Given data section start

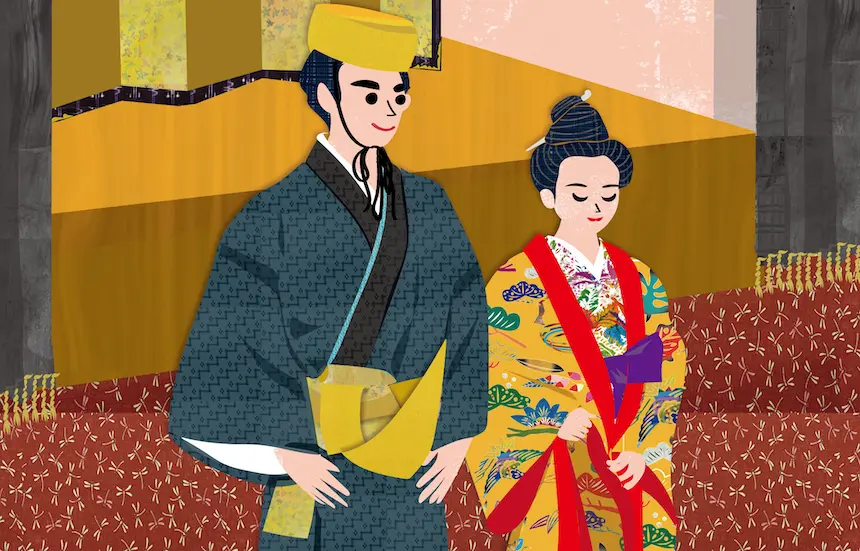 琉装は晴れ着として親しまれてきた琉球の正装です。ドラマの中では、暢子の華やかな琉装姿が印象的でした。紅型(びんがた)の鮮やかな色彩に目を惹かれた方も多いのではないでしょうか。紅型は琉球王国時代に発展した染物の総称で、「紅」には色彩、「型」には模様という意味が含まれています。交易が盛んだったアジア各国の大胆な配色と日本の繊細な模様が融合した琉球独自の伝統工芸です。 琉装の長い袖や緩やかなフォルムは、中国の漢服や日本の着物の影響を受けて発展したものです。着物と違い、帯留めはせず、袖口が広くゆったりとした造りになっているため、風通しがよく、沖縄の風土に合っています。今でも、成人式や十三祝い、結婚式などで琉装を選ぶ若者は少なくありません。華やかにハレの日を祝う、時代を越えて愛される衣装です。
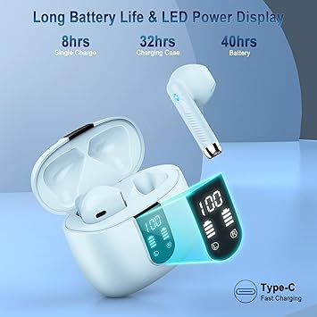 - 40Hrs Battery Life & Digital LED Display: The battery capacity of these bluetooth earbud allows you to enjoy your music and calls for hours on end. With a fully charged battery, our wireless headphones bluetooth provide up to 8 hours of continuous playtime. The portable charging case extends the total playtime to a remarkable 40 hours. The Type-C charging port ensures faster and easier charging. The built-in digital LED screen displays the remaining battery percentage of the charging case in real-time, and the LED indicator bar shows the charging status of each earbud.
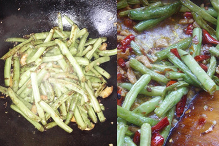 待它的表面变色之后,我们便可以将四季豆放入锅中翻炒,同时再加入事先准备好的干红辣椒,这样不仅可以炒出香味,同时还会让菜更加的香辣。
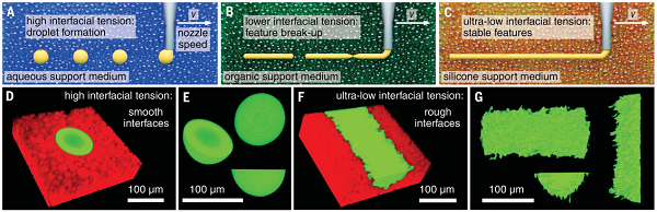 (c)硅油基支撑材料和有机硅油墨之间的超低界面张力消除了界面的不稳定性,消除了对最小稳定特征尺寸的限制。
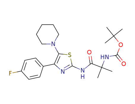 {1-[4-(4-fluoro-phenyl)-5-piperidin-1-yl-thiazol-2-ylcarbamoyl]-1-methyl-ethyl}-carbamic acid tert-butyl ester(1205601-48-4)
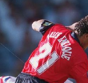 Adidas Spanien Trikot beflockt mit der Nummer 21 Luis Enrique welches genauso bei der Euro 1996 bei der EM 96 in England so getragen wurde in der Heimtrikotversion, in der Farbe rot. Verfügbar ist es nur ein einziges mal in der Herrengröße L. Es ist ein 100 % matchworn Trikot vom Spiel gegen Frankreich!
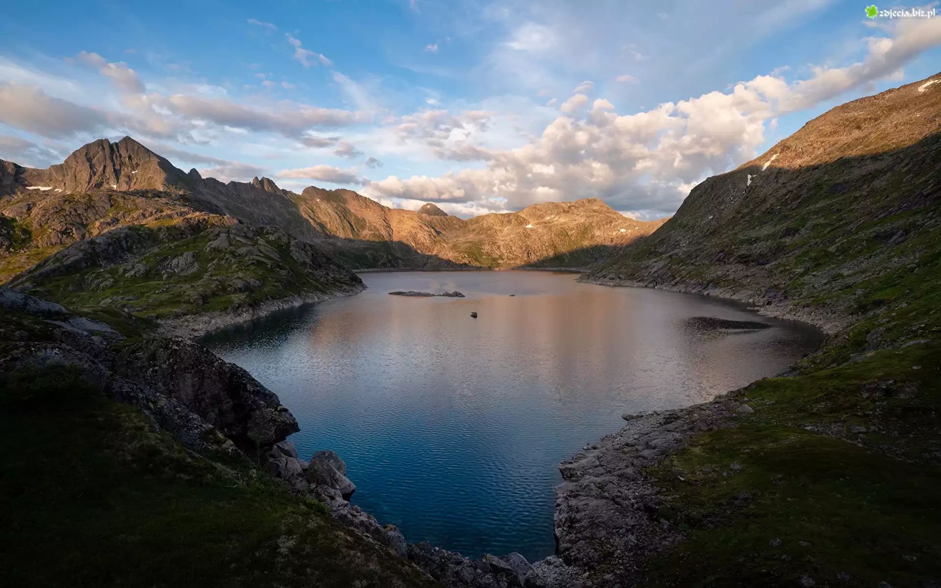 Zdjęcie Góry, Jezioro, Niebo, Białe, Chmury
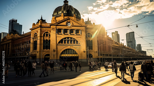Naklejka premium Ruchliwa ulica miejska, obok dużego budynku przejeżdża tramwaj.
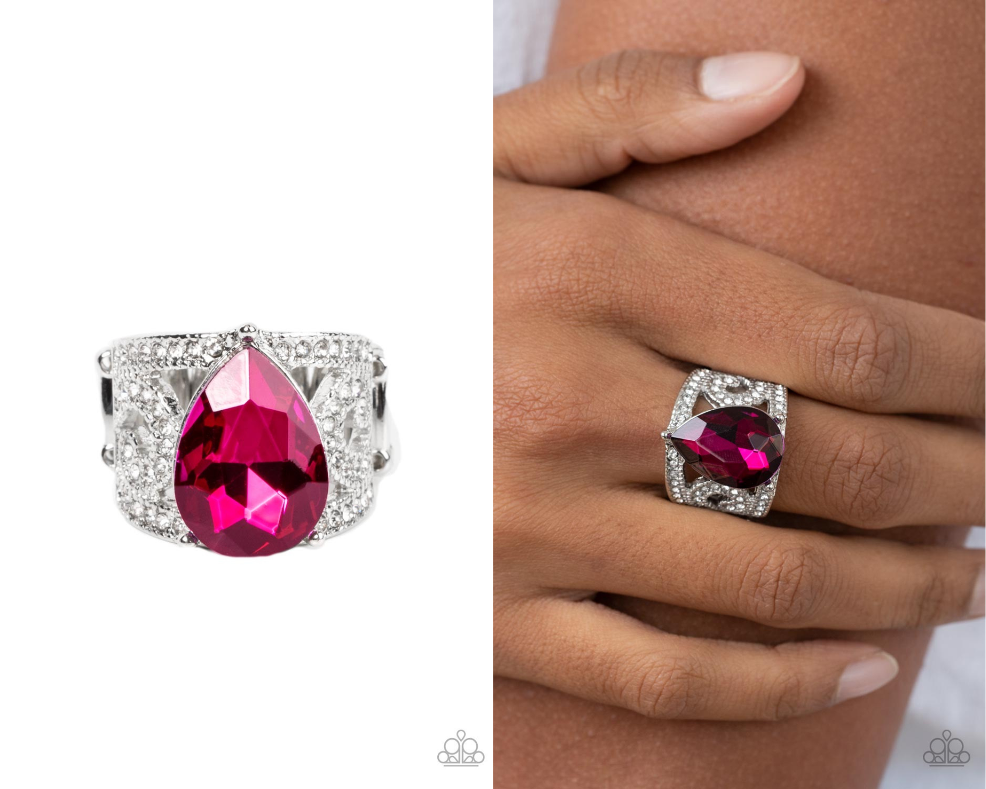 An oversized pink teardrop gem embellishes the center of a regal filigree filled band dotted in glassy white rhinestones, invoking a royal radiance atop the finger. Features a stretchy band for a flexible fit.

Given data section end

Exercise prompt —
Output exactly the lines above that lie between the line with "acid tert-butyl ester(1205601-48-4)" and the line with "Naklejka premium Ruchliwa", those two lines included, and no pictures.

Finished exercise —
 {1-[4-(4-fluoro-phenyl)-5-piperidin-1-yl-thiazol-2-ylcarbamoyl]-1-methyl-ethyl}-carbamic acid tert-butyl ester(1205601-48-4)
 Adidas Spanien Trikot beflockt mit der Nummer 21 Luis Enrique welches genauso bei der Euro 1996 bei der EM 96 in England so getragen wurde in der Heimtrikotversion, in der Farbe rot. Verfügbar ist es nur ein einziges mal in der Herrengröße L. Es ist ein 100 % matchworn Trikot vom Spiel gegen Frankreich!
 Zdjęcie Góry, Jezioro, Niebo, Białe, Chmury
Naklejka premium Ruchliwa ulica miejska, obok dużego budynku przejeżdża tramwaj.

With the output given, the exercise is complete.